Es como si un niño dice que no quiere ir al colegio, evidentemente no es algo que el niño pueda decidir, el niño tiene que ir al estudio quiera o no quiera.

Si el problema es que un hijo no te quiere hablar ni hay que mostrar la misma actuación (sería ser infantil, ponerse a su altura) ni agobiarle. Normalmente se pasa con el tiempo y mantener la relación cordial entre los esposos y la coordinación es fundamental.

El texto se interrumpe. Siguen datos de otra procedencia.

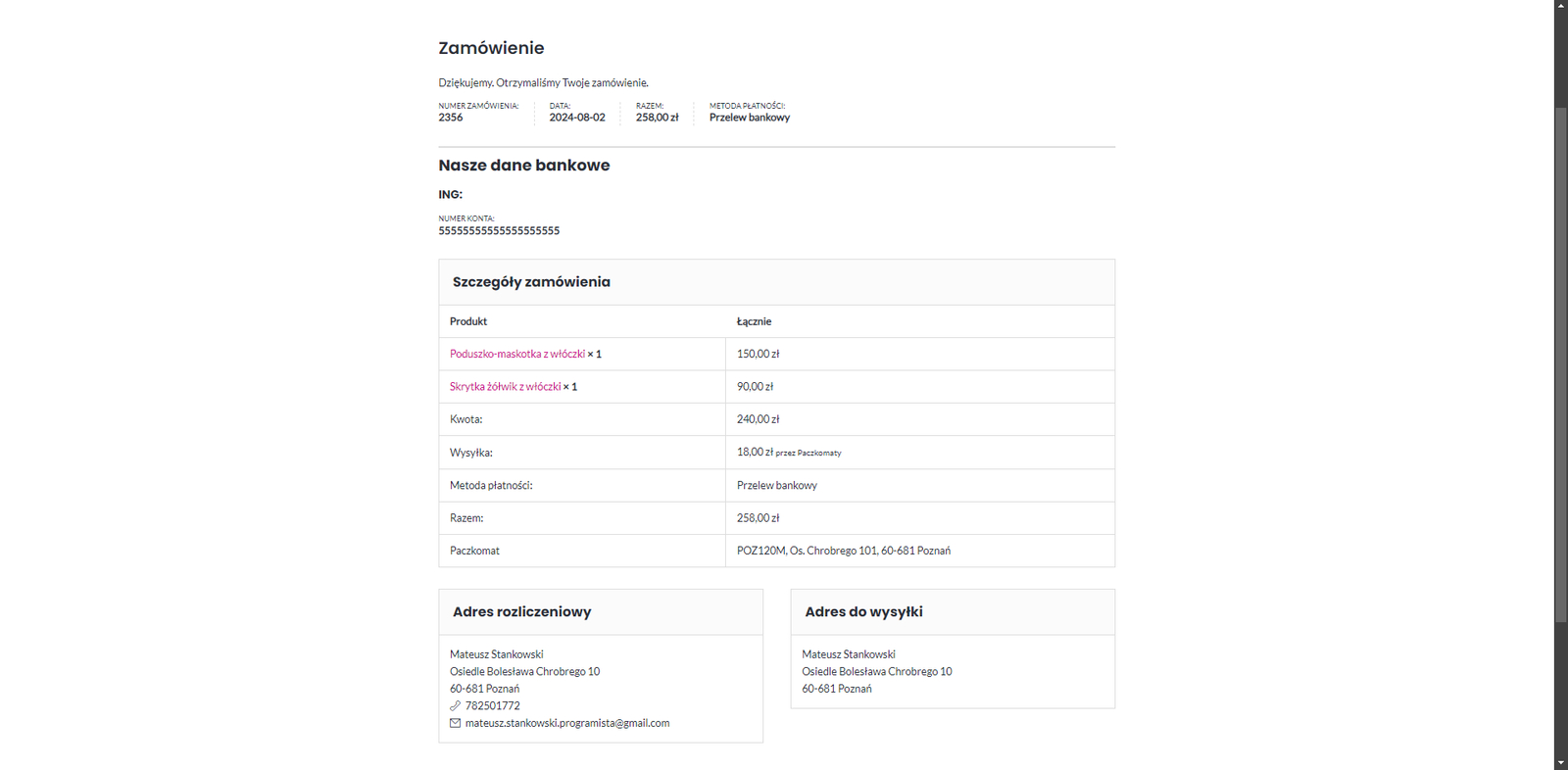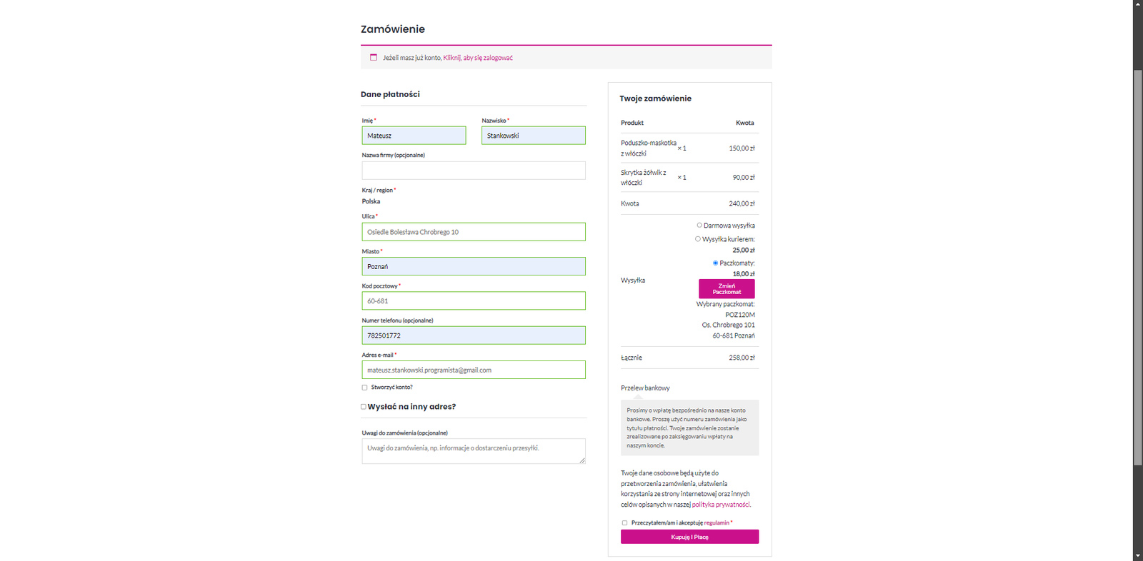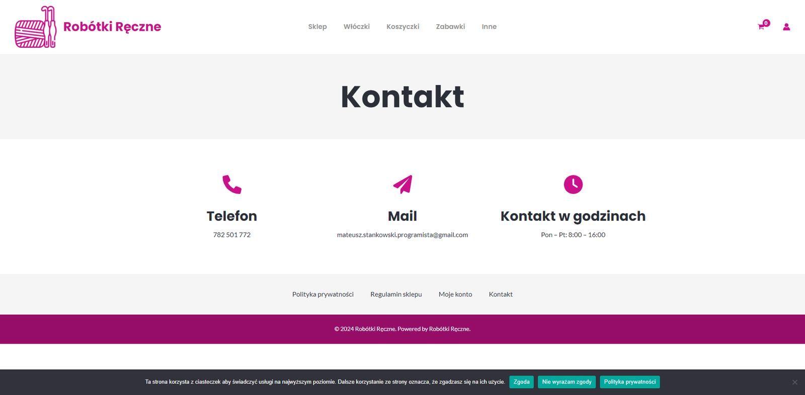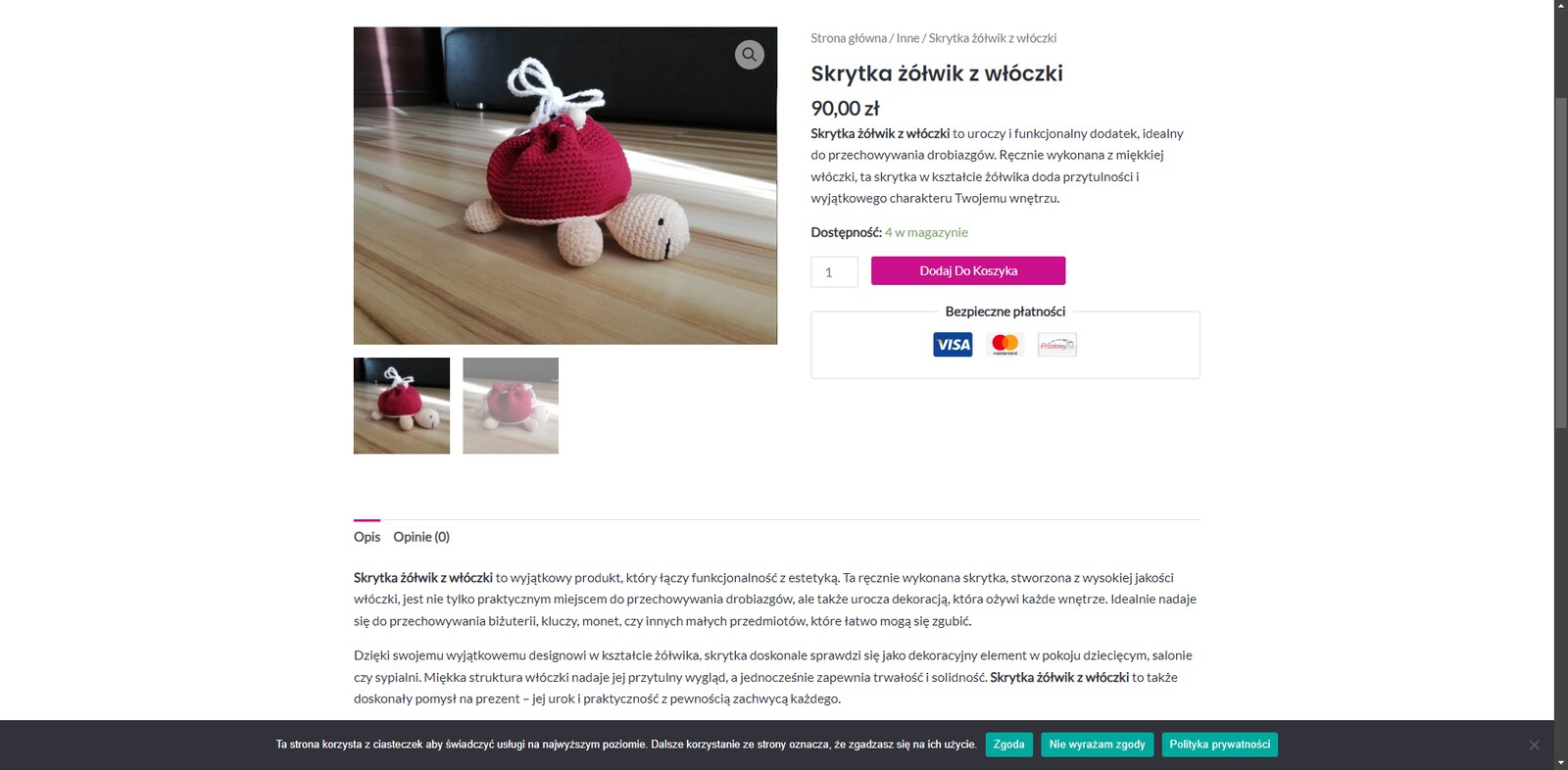 Sklep został wykonany za pomocą WordPress + WooCommerce.

Si los progenitores se enfrentan perjudicarán más aún a los hijos y en muchos casos el problema es la mala relación de los progenitores.

En caso de persistir o percibir actitudes inadecuadas, no cabrá otra opción que acudir a un profesional, lo mejor es un psicólogo experto en problemas infantiles y en familias separadas.

Será muy diferente el enfoque de que nuestro hijo no quiera hablar con nosotros que con el otro progenitor, su madre o su padre.

Mi hijo no quiere hablar con su padre o su madre

Cuando el niño tiene reticencia a relacionarse con el otro progenitor, sea la madre o el padre, debemos de predisponer positivamente al hijo a mejorar poco a poco la relación con su padre o madre.

Por mucho que hagamos nosotros, si el problema es respecto del otro cónyuge, el que tiene que tomar medidas es él o ella.

Lo que no se debe es engañar al niño con proyectos o planes que no dependen de nosotros y que para el caso de que no se cumplan las expectativas del niño, en vez de mejorar la relación, el niño se puede frustrar y será aún peor esa situación.

Mi hijo no quiere hablar conmigo

Cuando el problema es en primera persona y nuestro hijo al progenitor que rechaza es a nosotros, será aún más doloroso y nos puede crear una gran impotencia.

No es lo mismo ver el problema respecto del otro progenitor que respecto de nosotros mismos.

No es que haya una opción mejor o peor, pues ambos casos son idénticos, el rechazo del menor a uno de los progenitores, no será peor que el hijo rechace a su padre o su madre, es la misma situación y el menor y los progenitores tienen el mismo derecho a relacionarse y ambos son igualmente necesarios sin distinción.

La vida da muchas vueltas y lo que cambia será el enfoque subjetivo de cada uno de los esposos.

Hay que luchar y esforzarnos por mejorar la relación con ambos seamos nosotros el progenitor rechazado, o el otro. Evidentemente nos dolerá más si las sufrimos en primera persona, pero la situación es la misma y la solución será la misma.

Mediación familiar, paciencia y de no ser suficiente, mediación profesional.